Saved entries:
+---+
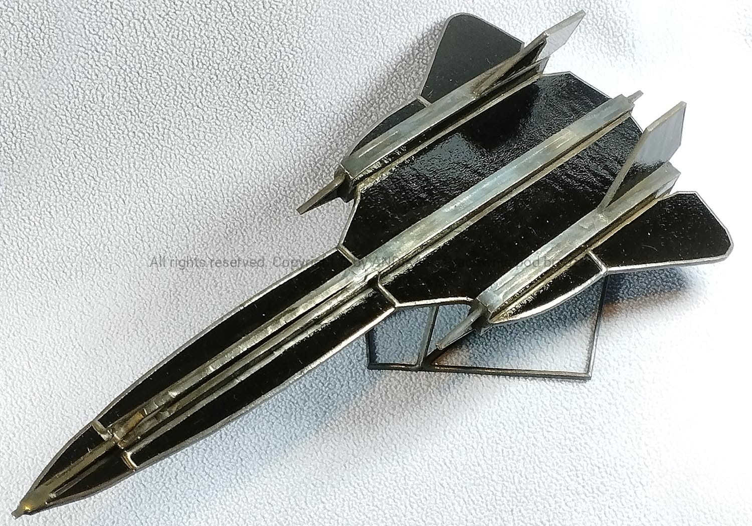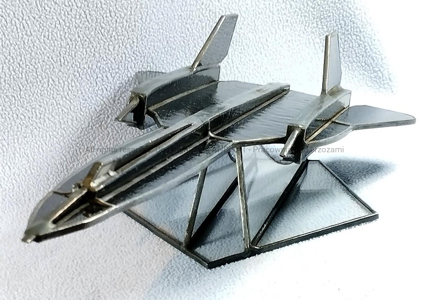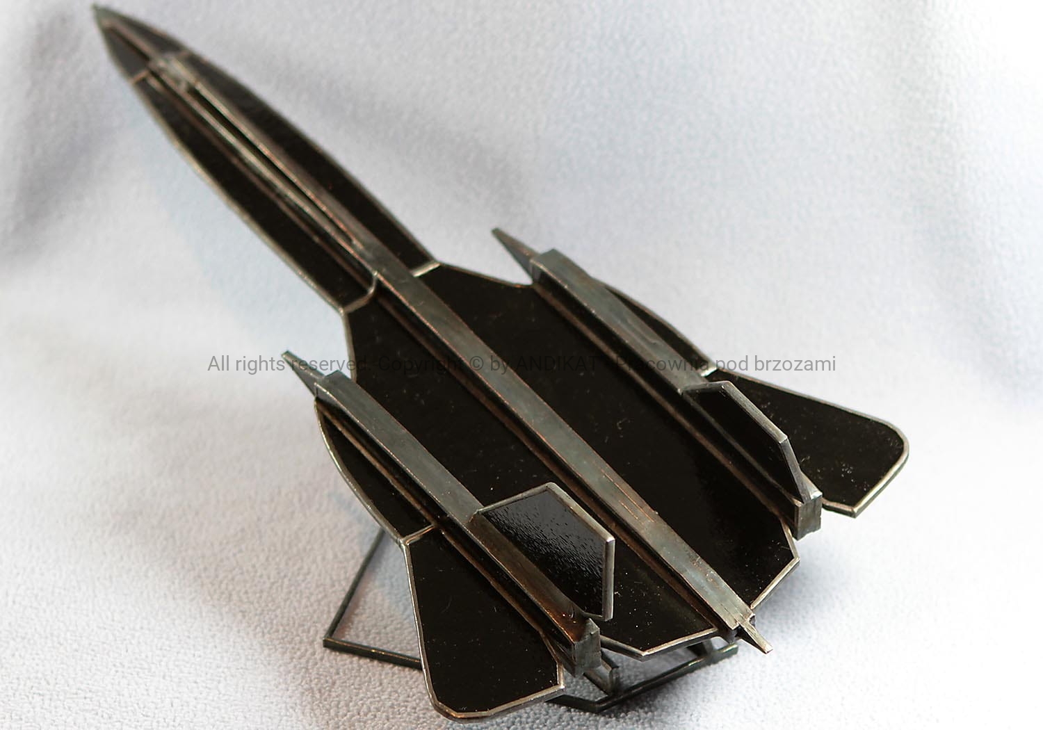 Model samolotu - Lockheed SR-71 Blackbird - wykonany w oparciu o plany oryginalnego samolotu. Samolot powstał na przełomie la 50. i 60. XX wieku w tajnym ośrodku konstrukcyjnym firmy Lockheed – ADP w Burbank k. Los Angeles. Ozdobi każde wnętrze dynamiczną sylwetką uchwyconą w locie. Na pewno miły bibelot dla pasjonatów lotnictwa. Wykonany z opalowego szkła witrażowego w technice tiffany. Na zamówienie można uzgodnić kolorystykę szkła.
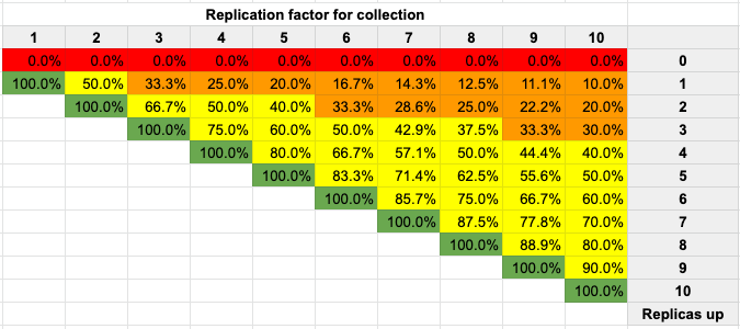 Thanks for input. Here is Houston's proposal in the sheet:  (The sheet is here https://docs.google.com/spreadsheets/d/117R33zSFb10D5Jq5agOrgC7nMv74mQmiLssmLk_6YkA/edit?usp=sharing if you want to experiment. Go to Format->Conditional formatting to change rules) If we are to distinguish between yellow and orange, I think Houston's proposal makes more sense. I.e. for a 3-replica collection you go yellow when losing one replica and orange when only 1/3 is left. And OPS people who are easily scared can always setup warn alarms for situations where YELLOW state persists for several minutes. For a 2-replica collection, you could argue that losing 50% of the replicas and having only one left warrants orange since you're down with only one failure. Setting orange 1-50% and yellow 51-99% would account for that? -- This is an automated message from the Apache Git Service. To respond to the message, please log on to GitHub and use the URL above to go to the specific comment. For queries about this service, please contact Infrastructure at: [email protected] --------------------------------------------------------------------- To unsubscribe, e-mail: [email protected] For additional commands, e-mail: [email protected]
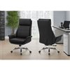 Designed for productivity and comfort, this modern office chair offers the perfect balance of support and style for your computer desk. The upholstered high back design, finished in a sleek black leather look, pairs with plush foam cushioning to create a truly comfortable seating experience. With adjustable height, supportive armrests, and an ergonomic structure, this chair adapts easily to your workspace needs. Unlock the tilt back lever to customize your recline up to three different positions when you need a break between tasks. A smooth swivel base and durable wheels allow for easy movement, while refined chrome metal details contribute to its durably designed construction. Thoughtfully made to be easy to assemble, this office chair is backed by a 5-year limited warranty, offering lasting quality and confidence in your everyday workspace.
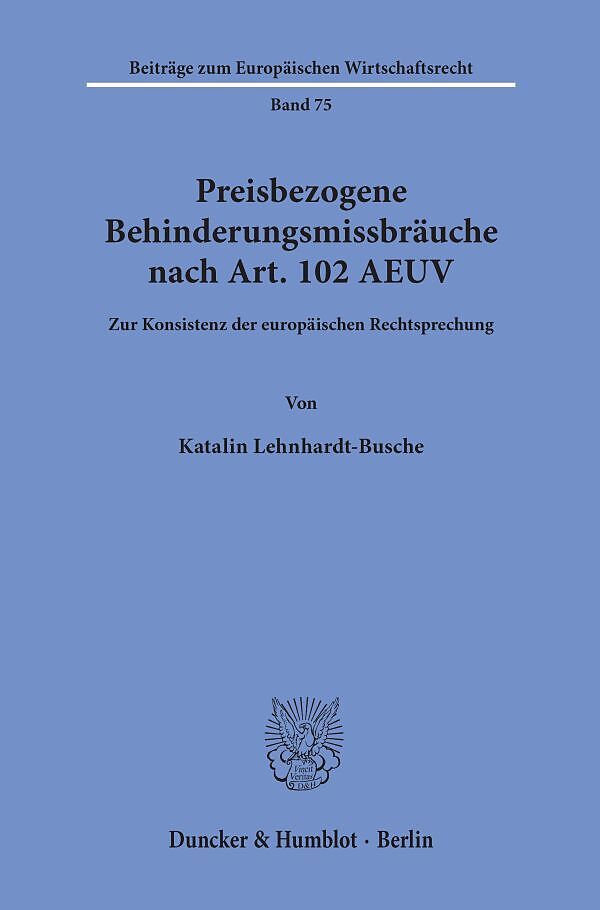 Die Arbeit untersucht die Frage, ob die Rechtsprechung der europäischen Gerichte zu preisbezogenen Behinderungsmissbräuchen nach Art. 102 AEUV von konsistenten Bewertungsmaßstäben geprägt ist. Hierzu wird die einschlägige Rechtsprechung zu den Fallgruppen der ...
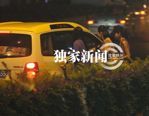 楊冪夜會戚薇酒后興奮 奔放搭肩路邊打出租(組圖)
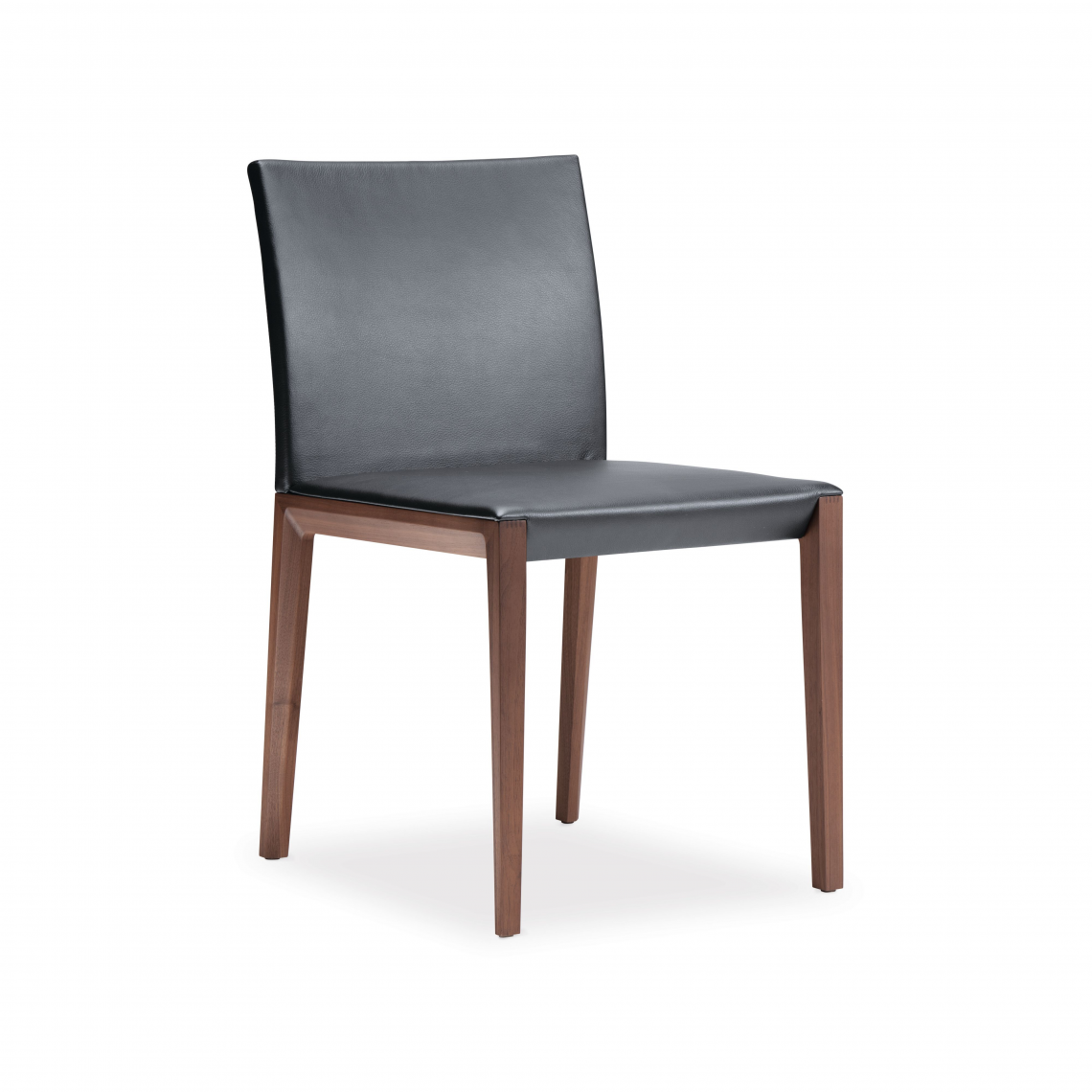The soft leather of this chair appeals to those who sit in it, while solid wood ensures stability. The elastically springy back and the pocket spring cores in the seat offer the seating comfort of an armchair. Designed for extended periods seated at dining or conference tables.
+---+
#### Work required:
The required output is an exact copy of the lines from the one with "Designed for productivity" through the final line of the data above, with pictures removed.

#### Response:
 Designed for productivity and comfort, this modern office chair offers the perfect balance of support and style for your computer desk. The upholstered high back design, finished in a sleek black leather look, pairs with plush foam cushioning to create a truly comfortable seating experience. With adjustable height, supportive armrests, and an ergonomic structure, this chair adapts easily to your workspace needs. Unlock the tilt back lever to customize your recline up to three different positions when you need a break between tasks. A smooth swivel base and durable wheels allow for easy movement, while refined chrome metal details contribute to its durably designed construction. Thoughtfully made to be easy to assemble, this office chair is backed by a 5-year limited warranty, offering lasting quality and confidence in your everyday workspace.
 Die Arbeit untersucht die Frage, ob die Rechtsprechung der europäischen Gerichte zu preisbezogenen Behinderungsmissbräuchen nach Art. 102 AEUV von konsistenten Bewertungsmaßstäben geprägt ist. Hierzu wird die einschlägige Rechtsprechung zu den Fallgruppen der ...
 楊冪夜會戚薇酒后興奮 奔放搭肩路邊打出租(組圖)
The soft leather of this chair appeals to those who sit in it, while solid wood ensures stability. The elastically springy back and the pocket spring cores in the seat offer the seating comfort of an armchair. Designed for extended periods seated at dining or conference tables.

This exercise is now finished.